▶ **Dataset content**:
........

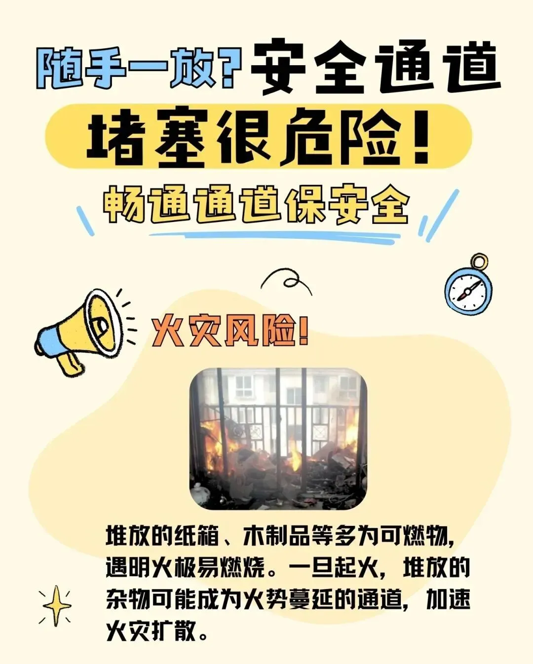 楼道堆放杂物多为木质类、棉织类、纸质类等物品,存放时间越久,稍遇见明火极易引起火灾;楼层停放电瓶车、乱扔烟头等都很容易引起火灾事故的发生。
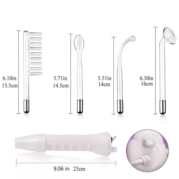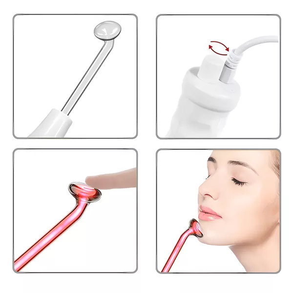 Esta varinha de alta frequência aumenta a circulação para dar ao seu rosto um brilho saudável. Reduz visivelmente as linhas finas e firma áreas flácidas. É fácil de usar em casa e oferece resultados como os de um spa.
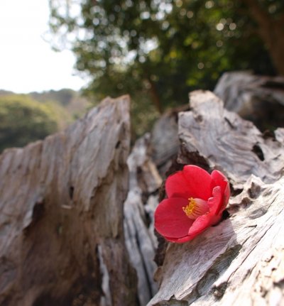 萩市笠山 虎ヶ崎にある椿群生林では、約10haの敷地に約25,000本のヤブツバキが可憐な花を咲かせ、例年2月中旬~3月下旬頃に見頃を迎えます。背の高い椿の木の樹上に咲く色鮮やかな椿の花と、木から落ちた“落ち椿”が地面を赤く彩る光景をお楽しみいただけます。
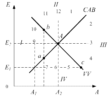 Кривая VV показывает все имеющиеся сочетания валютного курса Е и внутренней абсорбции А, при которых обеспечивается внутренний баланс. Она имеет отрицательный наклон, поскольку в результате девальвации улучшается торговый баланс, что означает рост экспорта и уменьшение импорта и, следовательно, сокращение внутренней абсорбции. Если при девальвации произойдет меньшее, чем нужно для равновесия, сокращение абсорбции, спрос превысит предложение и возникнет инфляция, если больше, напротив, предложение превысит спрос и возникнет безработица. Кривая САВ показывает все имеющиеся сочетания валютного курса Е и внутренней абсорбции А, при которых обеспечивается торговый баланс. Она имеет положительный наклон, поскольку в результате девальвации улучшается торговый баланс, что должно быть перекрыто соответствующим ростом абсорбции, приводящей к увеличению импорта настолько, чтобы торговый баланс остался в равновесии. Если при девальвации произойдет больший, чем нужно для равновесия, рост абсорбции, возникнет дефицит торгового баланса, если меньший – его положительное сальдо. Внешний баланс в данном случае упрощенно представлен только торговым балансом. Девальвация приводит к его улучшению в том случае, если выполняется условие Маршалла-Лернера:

........

▶ **Problem statement**:
The copy must match the listing above exactly, except that it holds no pictures.

▶ **Answer section**:
 楼道堆放杂物多为木质类、棉织类、纸质类等物品,存放时间越久,稍遇见明火极易引起火灾;楼层停放电瓶车、乱扔烟头等都很容易引起火灾事故的发生。
 Esta varinha de alta frequência aumenta a circulação para dar ao seu rosto um brilho saudável. Reduz visivelmente as linhas finas e firma áreas flácidas. É fácil de usar em casa e oferece resultados como os de um spa.
 萩市笠山 虎ヶ崎にある椿群生林では、約10haの敷地に約25,000本のヤブツバキが可憐な花を咲かせ、例年2月中旬~3月下旬頃に見頃を迎えます。背の高い椿の木の樹上に咲く色鮮やかな椿の花と、木から落ちた“落ち椿”が地面を赤く彩る光景をお楽しみいただけます。
 Кривая VV показывает все имеющиеся сочетания валютного курса Е и внутренней абсорбции А, при которых обеспечивается внутренний баланс. Она имеет отрицательный наклон, поскольку в результате девальвации улучшается торговый баланс, что означает рост экспорта и уменьшение импорта и, следовательно, сокращение внутренней абсорбции. Если при девальвации произойдет меньшее, чем нужно для равновесия, сокращение абсорбции, спрос превысит предложение и возникнет инфляция, если больше, напротив, предложение превысит спрос и возникнет безработица. Кривая САВ показывает все имеющиеся сочетания валютного курса Е и внутренней абсорбции А, при которых обеспечивается торговый баланс. Она имеет положительный наклон, поскольку в результате девальвации улучшается торговый баланс, что должно быть перекрыто соответствующим ростом абсорбции, приводящей к увеличению импорта настолько, чтобы торговый баланс остался в равновесии. Если при девальвации произойдет больший, чем нужно для равновесия, рост абсорбции, возникнет дефицит торгового баланса, если меньший – его положительное сальдо. Внешний баланс в данном случае упрощенно представлен только торговым балансом. Девальвация приводит к его улучшению в том случае, если выполняется условие Маршалла-Лернера:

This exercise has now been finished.